Tuesday, June 16, 2026

What the changes in OSAP funding mean for our students and job prospects?

The latest misstep from the provincial government has led to a systematic slashing of OSAP. Their reasoning? They claim students have been “wasting” OSAP on unreliable courses.

I relied on OSAP when I entered university thirty years ago. I went into Science, an assured path for a job upon graduation, right? Wrong.

It took many more years of schooling before I became a professional in my chosen field of study. In fact, my degree, peppered with “useless” electives, showed me learning is multi-dimensional. It need not only be a means to an end.

More importantly, the number of STEM graduates to work ratio was still manageable thirty years ago. Today, the landscape is far more crowded. Currently, we have 70,000 STEM graduates per year in Ontario. Longitudinal data from 2017 shows that even then, only 7 in 10 computer science and engineering graduates landed jobs in their fields.
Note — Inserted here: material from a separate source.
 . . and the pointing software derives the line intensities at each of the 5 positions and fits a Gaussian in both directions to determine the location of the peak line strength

Since 2017, we have endured a pandemic, a mild recession, and now a volatile era of international tariffs. Where is the guarantee that a “return on investment” approach to education will help graduates land jobs today?

For the past twenty years I have been an educator at a Scarborough-based College. The beauty of college has always been in its community-minded programming that allowed students, many of whom are from marginalized, lower-socio economic backgrounds to get into skilled areas, with decent pay.

“We have hundreds
of thousands of
graduates who went
through a system
that ‘should’ have
ensured a job. Did
they all get into their
field of study?”

These students often use college as a stepping stone to enter the University system later, and they rely on OSAP to do it. These new policy changes do not just affect students entering higher education for the first time; they punish those who want to improve and move up in their careers.
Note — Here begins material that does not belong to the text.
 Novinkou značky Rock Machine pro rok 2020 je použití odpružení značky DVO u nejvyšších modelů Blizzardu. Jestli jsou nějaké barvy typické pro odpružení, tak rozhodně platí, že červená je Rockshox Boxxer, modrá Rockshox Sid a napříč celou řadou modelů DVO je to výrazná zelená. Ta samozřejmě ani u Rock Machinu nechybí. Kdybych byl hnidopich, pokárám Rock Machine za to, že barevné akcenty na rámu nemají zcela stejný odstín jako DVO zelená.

The steady erosion of government funding to colleges have leant itself to a demolition of this underlying guiding principal. The ensuing scramble to stay afloat leading to the exploitation of international students, with unchecked tuition fees, low-wage jobs, that were brought into our system without proper infrastructure.
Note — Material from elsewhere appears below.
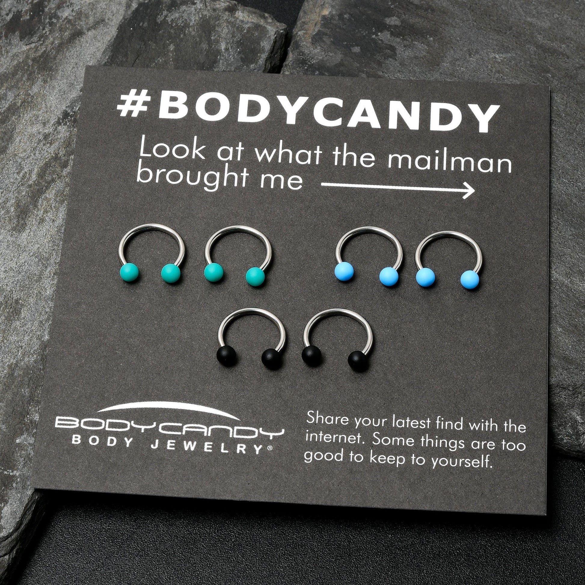 16G 3/8 Matte Black Blue Teal Horseshoe Circular Barbell Set of 6

We have hundreds of thousands of graduates who went through a system that ‘should’ have ensured a job. Did they all get into their field of study? Where is the data to see if that experiment worked?

The $6.4-billion injection into college funding, although welcome, is at the cost of our student’s solvency. By flipping the OSAP ratio to a maximum of 25% grants and a minimum of 75% loans will only lead to elitism in education.

Education is meant to be egalitarian: for all people. If we continue to view it solely through the narrow lens of a “return on investment” that we can’t even guarantee, we risk creating a system that fails all of us—leaving our most vulnerable students with a lifetime of debt and a province with a “skilled” workforce that can’t afford to live in the communities they serve.